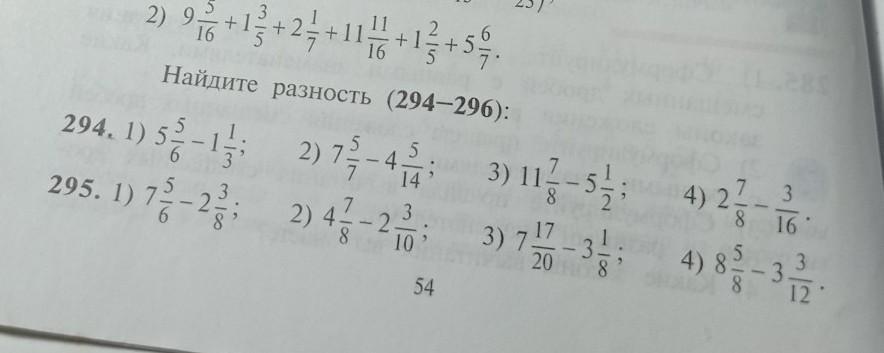 295. 1) 7 5/6-2 3/8; 2) 4 7/8-2 3/10; 3) 7 17/20-3 1/8; 4) 8 5/8-3 3/12.
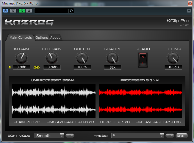 Это да... Спасибо... Но как конкретно вы его настраиваете? Линкуете IN и OUT и поднимаете IN пока не срежется 2 дб., или OUT GAIN на нуле оставляете и только IN GAIN-ном добиваетесь среза пиков на пару дб.? Как его настроить, чтобы он только пики незаметно срезал и больше в звук никак не вмешивался?
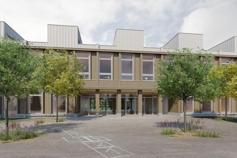 Der längliche Holzbau bildet den Abschluss zum Wohnquartier und schafft eine identitätsstiftende «grüne Mitte» für den Schulcampus. Eine Esplanade mit Baumallee begleitet das Schulhaus. Im Erdgeschoss liegen Kindergarten und Lehrerbereich. Vom zentralen Foyer führen zwei Treppen ins Obergeschoss. Dieses bildet eine durchgängige, vielfältig bespielbare Lernlandschaft, welche über die Tragstruktur des Daches belichtet wird. Die Turnhalle ist in den Baukörper integriert und wird von Kastenträgern überspannt, welche den Rhythmus der Oberlichter übernehmen.
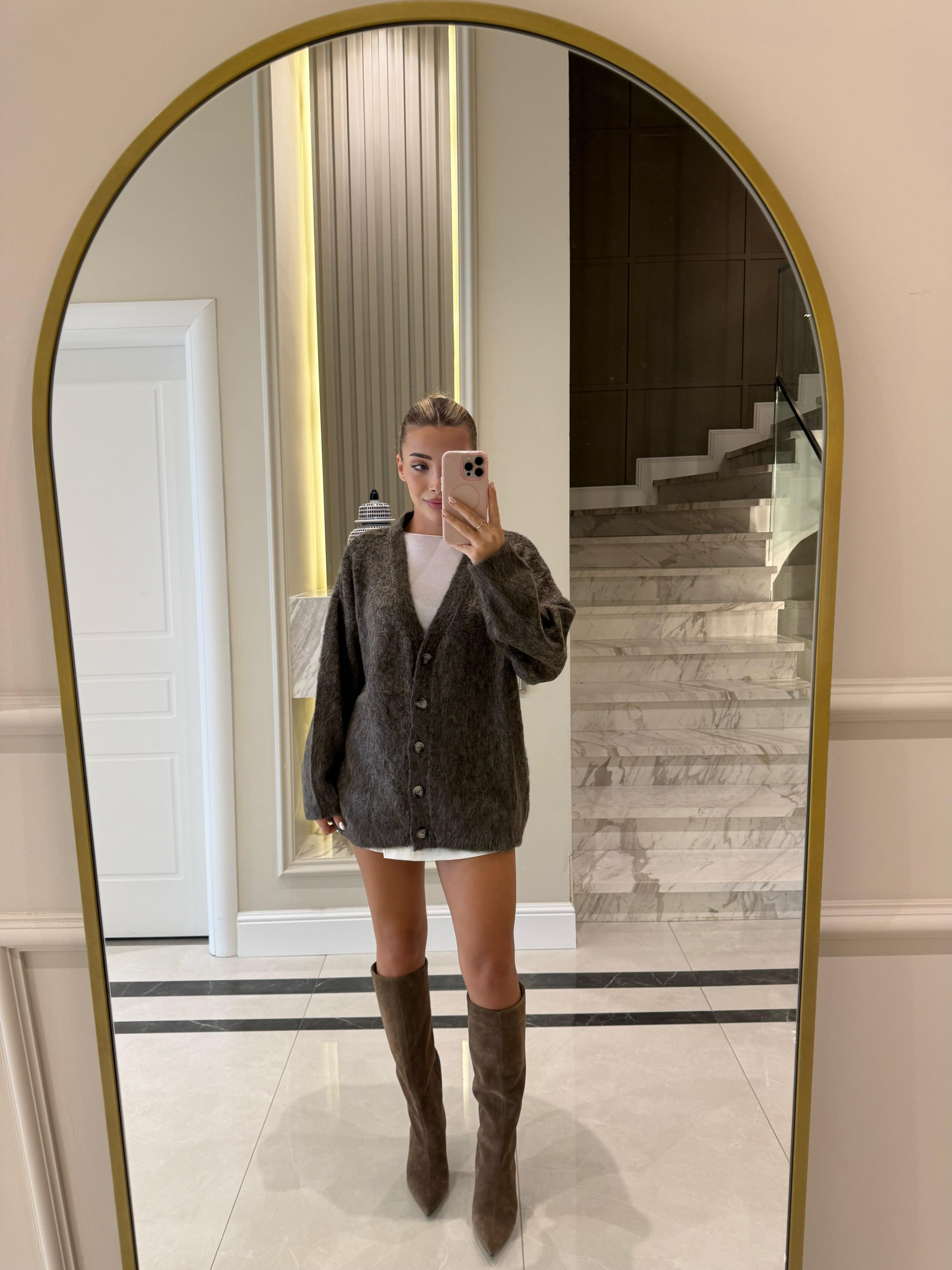 Kahve V Yaka Şardonlu Düğmeli Triko Hırka
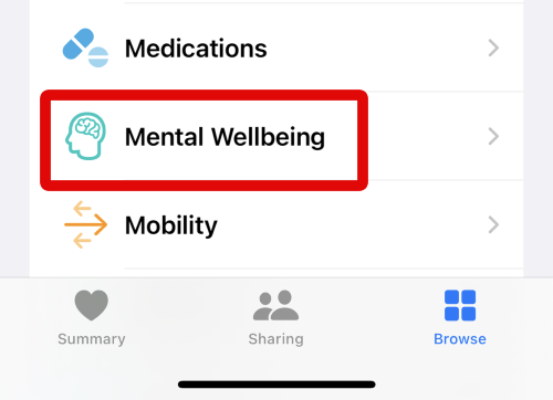 2.Maintenant, appuyez surBien-être mentalsous Catégories de santé.
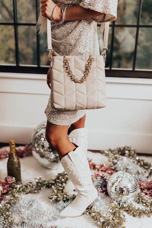 Take your handbag collection to the next level with our luxe birch colored 'Love And Luck' crossbody featuring sleek faux leather material with diagonal quilted texturing, two gold chain link handles, a removable and adjustable shoulder strap, and a spacious fully lined interior with an additional inside zip closure!
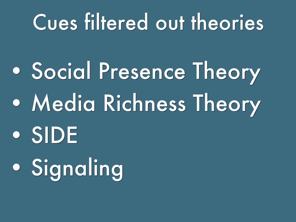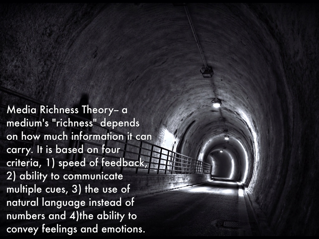 Media Richness Theory-- a medium's "richness" depends on how much information it can carry. It is based on four criteria, 1) speed of feedback, 2) ability to communicate multiple cues, 3) the use of natural language instead of numbers and 4)the ability to convey feelings and emotions.
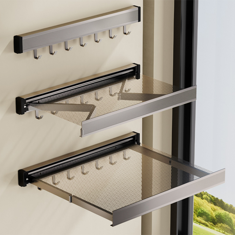 浴室伸缩置物架免打孔折叠毛巾架卫生间放衣服浴巾架隐形收纳挂架
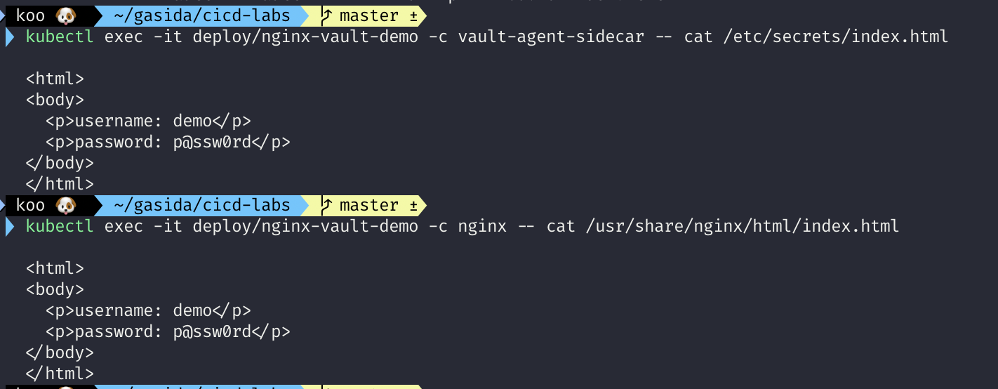 kubectl exec -it deploy/nginx-vault-demo -c nginx -- cat /usr/share/nginx/html/index.html
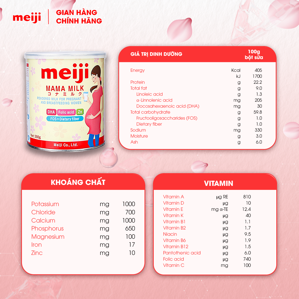 - Sản phẩm Meiji Mama Milk cung cấp nguồn dinh dưỡng đầy đủ, vững chắc cho phụ nữ đang mang thai và cho con bú với hương vị thơm ngon, dịu ngọt dễ uống, sản phẩm không chỉ cung cấp đầy đủ các chất dinh dưỡng cơ bản như chất đạm, chất béo, chất đường bột mà còn bổ sung các vitamin và khoáng chất đặc biệt cần thiết.
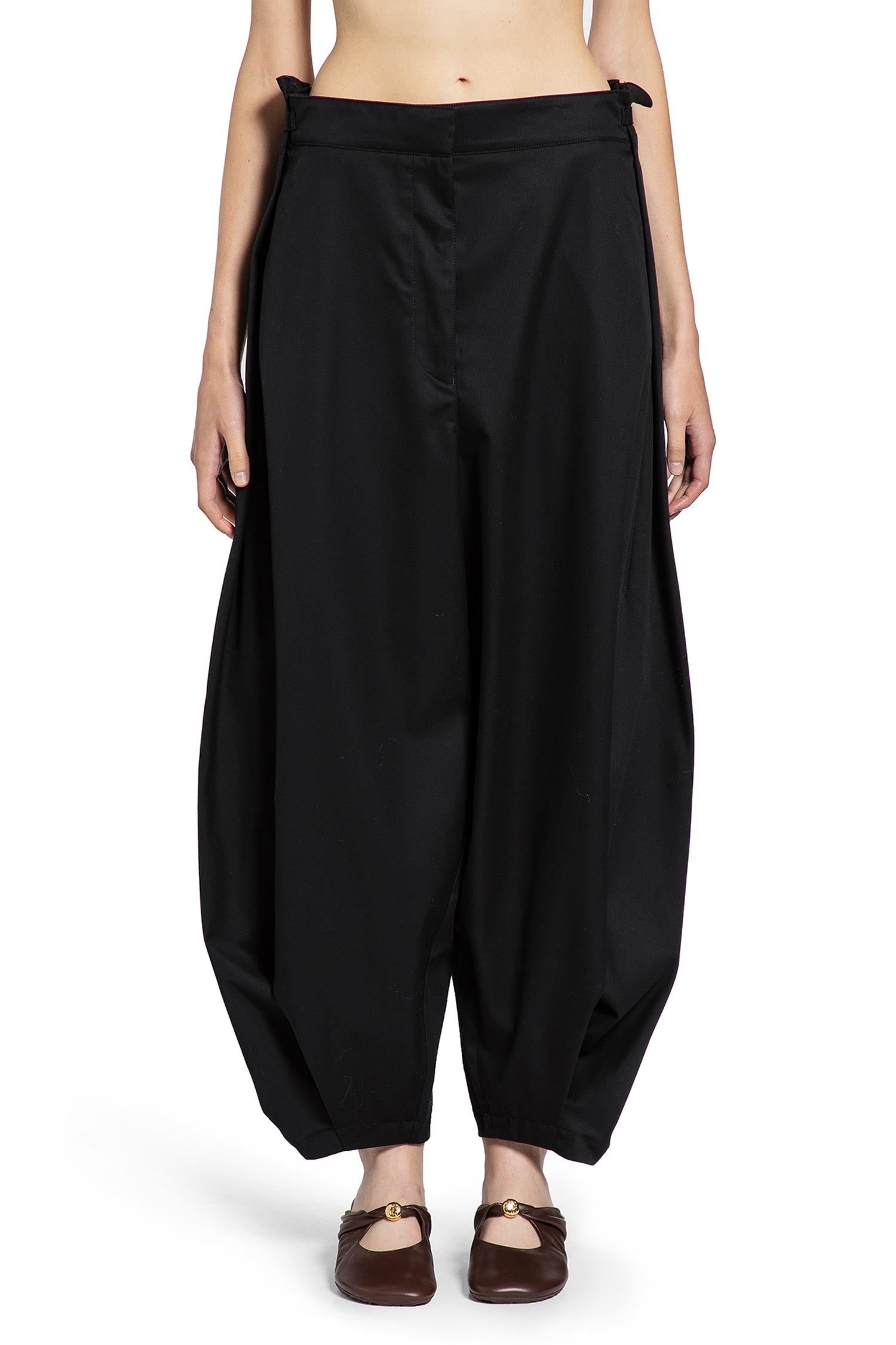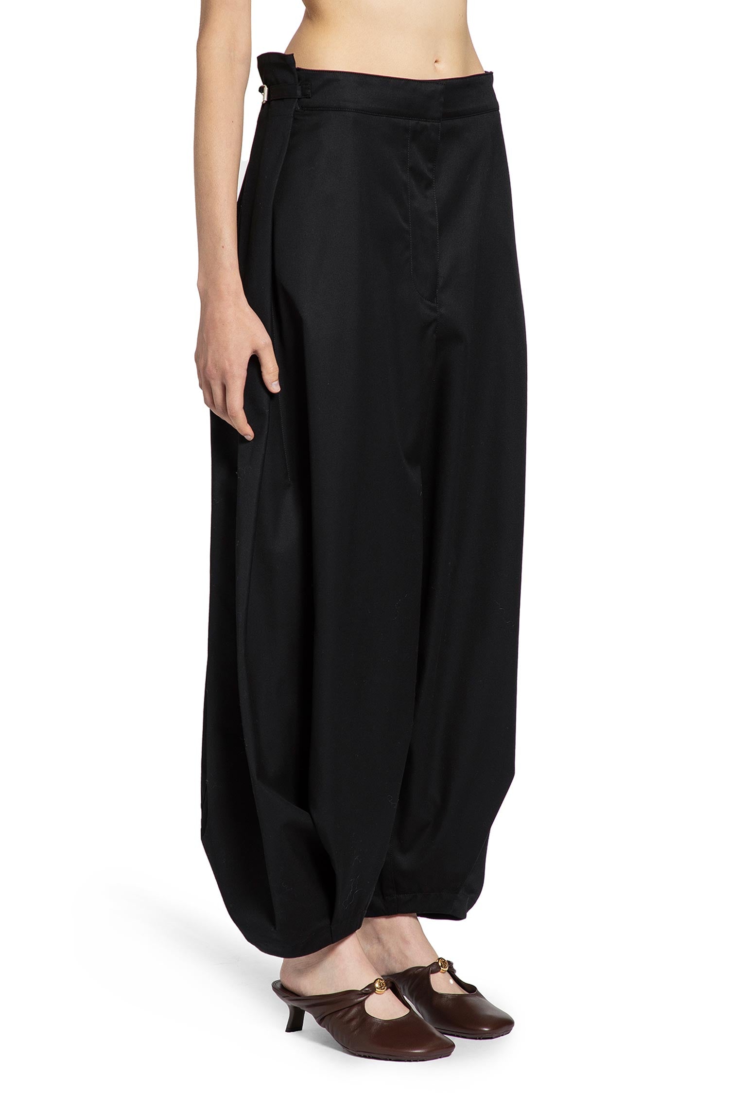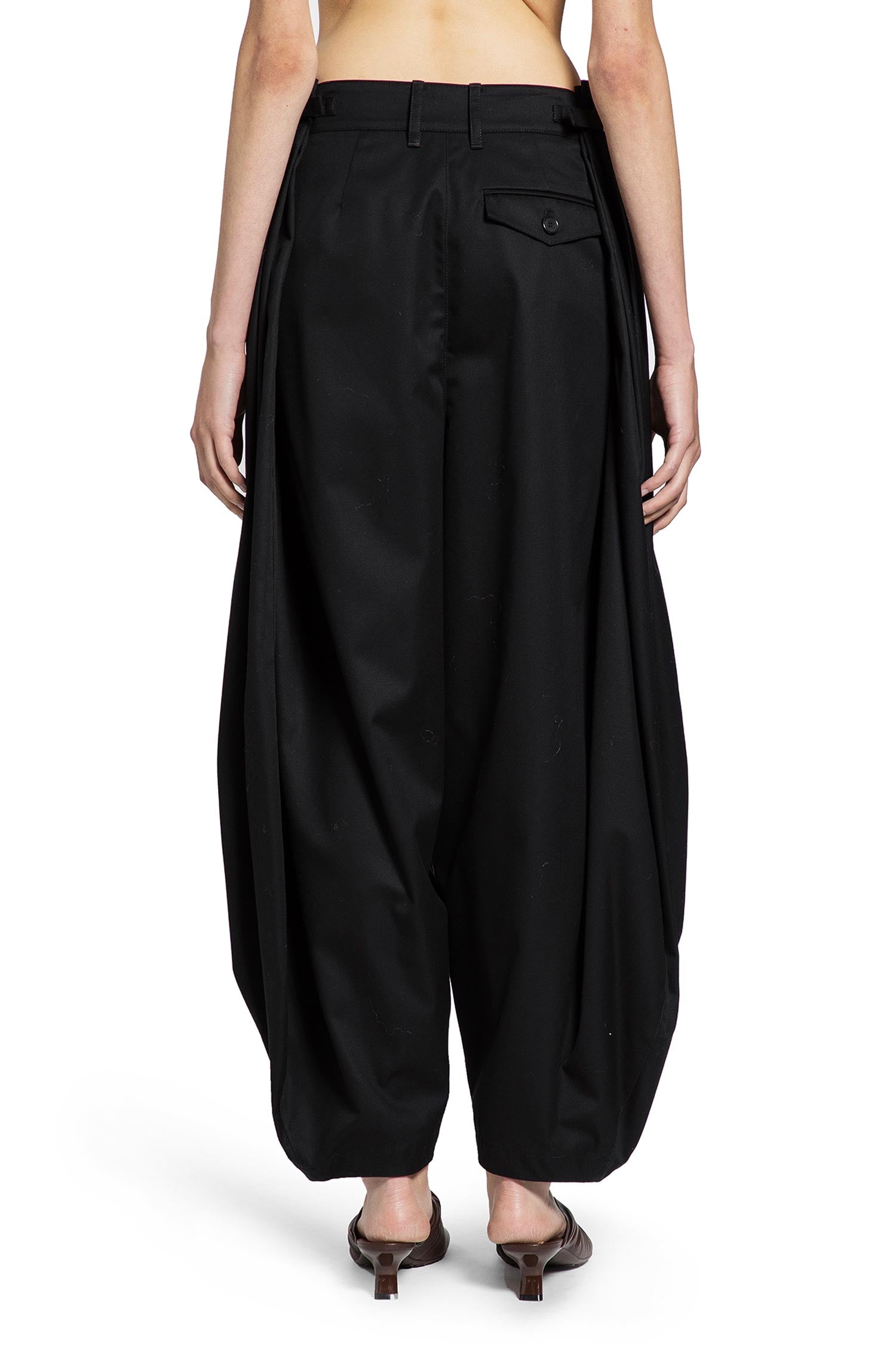draped trousers in cotton and silk

━━━━━━━━

- WHAT NEEDS TO BE DONE
Going by the data above, give back only the lines from the one containing "Der längliche Holzbau" through the one containing "2.Maintenant, appuyez surBien-être", exactly as they stand, both ends included and no images.

- RESPONSE AREA
 Der längliche Holzbau bildet den Abschluss zum Wohnquartier und schafft eine identitätsstiftende «grüne Mitte» für den Schulcampus. Eine Esplanade mit Baumallee begleitet das Schulhaus. Im Erdgeschoss liegen Kindergarten und Lehrerbereich. Vom zentralen Foyer führen zwei Treppen ins Obergeschoss. Dieses bildet eine durchgängige, vielfältig bespielbare Lernlandschaft, welche über die Tragstruktur des Daches belichtet wird. Die Turnhalle ist in den Baukörper integriert und wird von Kastenträgern überspannt, welche den Rhythmus der Oberlichter übernehmen.
 Kahve V Yaka Şardonlu Düğmeli Triko Hırka
 2.Maintenant, appuyez surBien-être mentalsous Catégories de santé.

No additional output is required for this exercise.